If I understand you correctly, you want to fill in the values of the finer grid by interpolating on the coarser grid. One way to do linear interpolation on an unstructured grid is with Delaunay triangulations (this is how Matlab's griddata and TriScatteredInterp commands are implemented). After constructing a triangulation of your grid points, interpolation boils down to locating the triangle containing the target point, calculating its barycentric coordinates, and using the function values at the vertices to compute the interpolated value. CGAL can construct n-dimensional triangulations (for medium n), and also has a built-in 2d interpolation module.

Answer 3

This is what I'm doing at the moment, except I'm transferring function values at quadrature points, not nodes. I'm implementing the technique explained in the chosen answer to my question here: Finding which triangles points are in .

Basically, say you have 2 grids $A$ and $B$, and want to transfer information from grid $A$ to grid $B$

1. Based on node or quadrature points in grid $B$, construct a list of points $p_i$ to be evaluated in grid $A$,
2. order the evaluation points $p_i$ based on a Hilbert curve,
3. construct the constrained Delaunay extension of grid $A$ (all triangles in $A$, plus some more exterior triangles to make the shape convex)
4. starting at a triangle in the extended version of $A$, randomly walk from triangle to triangle "in the general direction" of point $p_1$ until you get there. Then keep walking to $p2$, $p3$, etc. until you have found which triangles in $A$ contain all the evaluation points.

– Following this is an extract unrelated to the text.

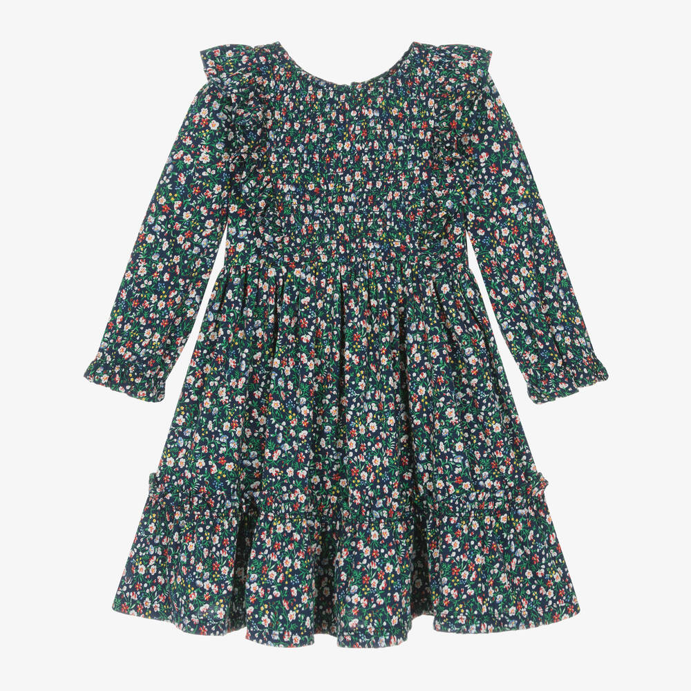 Girls navy blue, pink and green cotton dress by Ralph Lauren, with a pretty floral print. Made in comfortable, lightweight jersey, it has sweet ruffle trims over the shoulders, a ruched bodice and gently elasticated, frilled cuffs. It fastens with a stylish keyhole button on the back.

If you have $N$ evaluation points and $M$ triangles in the extended version of $A$, and if you ignore the Hilbert curve ordering, and you walk deterministically, worst case the time could be $O(N \sqrt{M})$. Including the Hilbert curve ordering and walking with randomness, I'm seeing much more efficient results in practice, more like $O(max(N,M))$.

Answer 4

This is the kind of job for which you really want to avoid unstructured meshes since there is no way to do this efficiently for any significant number of points. You should consider using meshes that are at least somehow related to each. For example, if they are both obtained from hierarchical refinement of a coarse mesh, then you can relatively easily and efficiently find out where the interpolation points of one mesh are located on the other mesh.